OPHÉLIA. — Vos paroles sont fermées dans ma mémoire, dont vous garderez vous-même la clef avec vous.

LAERTES. — Adieu. (Il sort.)

POLONIUS. — Qu’est-ce qu’il vous disait, Ophélia ?

OPHÉLIA. — Avec votre permission, quelque chose touchant le Seigneur Hamlet.

POLONIUS. — Pardi, c’était bien pensé. On me dit que très-souvent dans ces derniers temps Hamlet vous a consacré beaucoup de ses heures, et que vous-même vous avez été libérale et prodigue de votre société : s’il en est ainsi, — c’est ce qu’on m’a rapporté, et cela par mesure de prudence, —je dois vous dire que vous ne comprenez pas ce que vous êtes aussi clairement qu’il conviendrait à ma fille et à votre honneur. Qu’y a-t-il entre vous ? dites-moi la vérité.

OPHÉLLA. — Plusieurs fois dans ces derniers temps, Monseigneur, il m’a fait l’offre de son affection.

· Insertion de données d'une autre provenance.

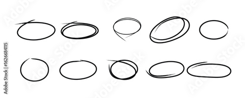 Hand-Drawn Black Circle and Oval Highlight Elements — Charcoal Pen and Marker Style Scribble Ellipses, Doodle Round Shapes for Emphasis, Annotation, and UI Highlight on White Background
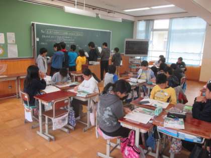 丸いレキや化石の入っている地層がどのようにして出来たのかを考えました。
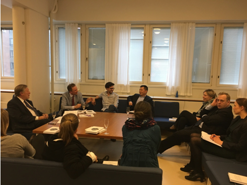 2017年4月25日,我院青年教师杜军强博士应邀参加芬兰最高行政法院荣休院长、芬兰法治 (ROLFI)创建人Pekka Hallberg所著《法治与可持续发展》一书的新书发布会,并作为评论人发言。该新书发布会在赫尔辛基大学乐鱼页面在线登录大楼2楼会议室举行,由赫尔辛基大学乐鱼页面在线登录院长Kimmo Nuotio 主持,另一评论人Guilherme研究员、中国法中心主任 Ulla Liukkunen教授以及多名其他研究人员并博士生参加发布会。
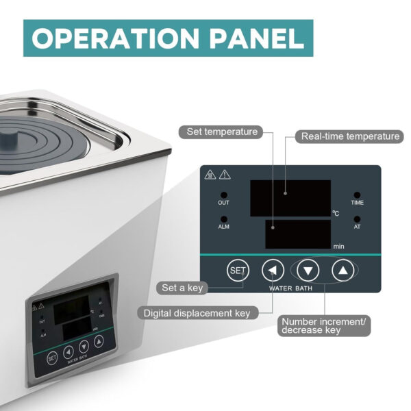 Öncelikle, JOANLAB WB100-4F Su Banyosu stabil ısı dağılımıyla laboratuvar çalışmalarınızı kolaylaştırıyor. Özellikle, RT +5 ile 99.9°C arasında hassas sıcaklık kontrolü sunarak verimli sonuçlar sağlıyor. Dahası, paslanmaz çelik iç tankı sayesinde dayanıklılık ve homojen ısı dağılımı garanti ediyor.

POLONIUS. — Son affection ! ta, ta ! Vous parlez comme une fillette encore toute verte, et qui n’a pas l’expérience de telles dangereuses circonstances. Croyez-vous à ses offres, comme vous les appelez ?

OPHÉLIA. — Je ne sais pas, Monseigneur, ce que j’en dois penser.

POLONIUS. — Pardi, je vais vous l’apprendre : pensez que vous êtes un enfant à la mamelle qui avez pris pour du bon argent ces offres qui sont monnaie fausse. Offrez-vous à vous-même plus d’affection bien entendue ; ou si non, — soit dit sans vouloir forcer le sens de ce pauvre mot — vous arriveriez à m’offrir l’imbécillité.

OPHÉLIA. — Monseigneur, il m’a pressée de son amour d’une manière honorable.

POLONIUS. — Oh oui, vous pouvez bien appeler ça manière : allez, allez.

OPHÉLIA, — Et il a appuyé ses discours, Monseigneur, de presque tous les serments les plus sacrés du ciel.